Additionally, the Order noted that Chan’s patient records in general were not adequate or accurate and that he submitted false billings to public heath plans (Medicare and Medi-Cal).  Specifically, he routinely failed to appropriately document patients’ medications; his rationale for treatment with multiple antipsychotic agents; reasons for making (or failing to make) medication changes; review of laboratory test results; follow up on drug side effects and his communications with the patients’ other health care providers.  Additionally, Chan’s patient records for numerous visits were identical or nearly identical for extended periods; contained factual errors and were missing documentation for numerous months during his care of multiple patients.

Lastly, Chan submitted inaccurate or false health care claims to state and federal health plans (including Medicare and Medi-Cal) for services he had not provided.  In one incident, Chan continued to submit claims for payment of service for nine consecutive months after the patient died.

The Board’s current Accusation and Petition to Revoke is based on Chan’s identical or similar treatment of five additional patients, as well as his failure to consult the patients’ prior medical records and filing false documents, among other things.

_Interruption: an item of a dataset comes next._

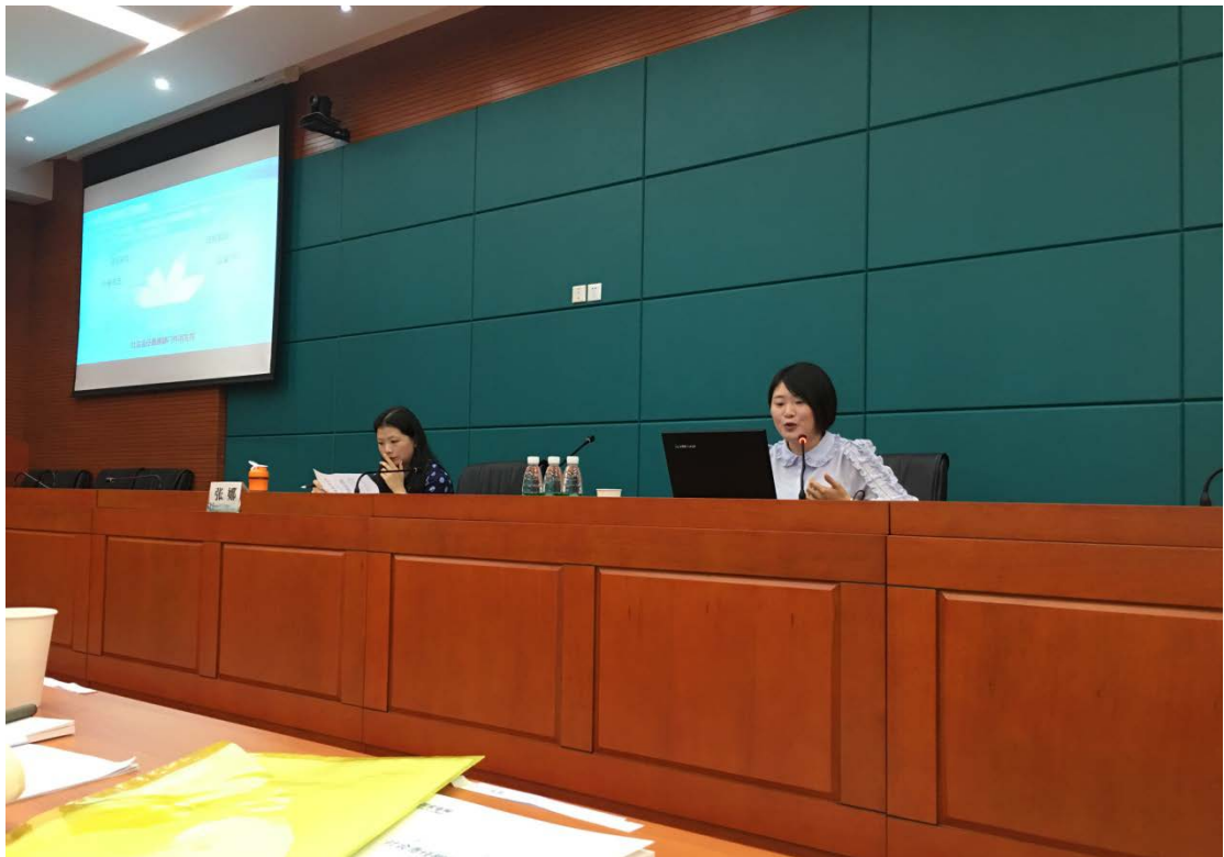
图4 綦南公司参加市公司全面社会责任管理培训

4.参与重庆公司全面社会责任管理培训。4月20日，重庆公司举办年度社会责任专题培训，来自42家基层单位的社会责任管理部门负责人和专责120余人参与了培训，綦南公司作为国网公司社会责任示范基地，用半天的时间，分享了全面社会责任管理工作开展情况和社会责任根植项目培育经验。全面社会责任管理工作主要从理念植入、能力提升、沟通传播、绩效评价、管理工具、机制保障等6个方面分享，社会责任根植项目培育主要从调研论证、选题立项、策划实施、评价总结、改进提升5个环节进行分享，课间还进行了问答互动。

The Board noted that “despite remedial clinical education,” Chan “demonstrated little understanding of the purpose of medical records or the importance of maintaining adequate and accurate records; rather, [he] stated that he made trivial changes in his records from visit to visit for the sole purpose of deflecting criticism.”  Additionally, with regard to the false billings, the Board noted that Chan “routinely prepared medical records and bills for services…with the intent to receive compensation for services not rendered” and “admitted to excessive billing, which he justified on the basis that he was not paid enough for his services….”

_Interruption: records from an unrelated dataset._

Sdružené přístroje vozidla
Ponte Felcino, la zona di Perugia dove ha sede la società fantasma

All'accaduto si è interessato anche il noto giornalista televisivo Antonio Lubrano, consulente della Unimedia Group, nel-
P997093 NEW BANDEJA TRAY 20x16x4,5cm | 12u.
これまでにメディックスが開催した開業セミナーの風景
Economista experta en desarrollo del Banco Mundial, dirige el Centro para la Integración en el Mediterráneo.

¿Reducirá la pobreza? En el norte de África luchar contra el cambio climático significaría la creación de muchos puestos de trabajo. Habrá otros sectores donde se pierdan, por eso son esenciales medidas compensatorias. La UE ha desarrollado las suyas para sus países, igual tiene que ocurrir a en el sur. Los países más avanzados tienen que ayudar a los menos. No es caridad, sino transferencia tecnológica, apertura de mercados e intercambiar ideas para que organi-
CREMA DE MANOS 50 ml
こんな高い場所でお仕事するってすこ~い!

Source: Accusation and Petition to Revoke Probation in the Matter of the Accusation Against Joseph Ling-Hang Chan, M.D., Physician and Surgeon certificate F50691, Case Nos. D1-2006-174722 and 03-2008-193948 and Stipulated Settlement and Disciplinary Order in the Matter of the Accusation Against Joseph Ling-Hang Chan, M.D., Physician and Surgeon certificate F50691, Case No. 03-2008-193948, Medical Board of California.

This information was used with permission of the Citizens Commission on Human Rights International.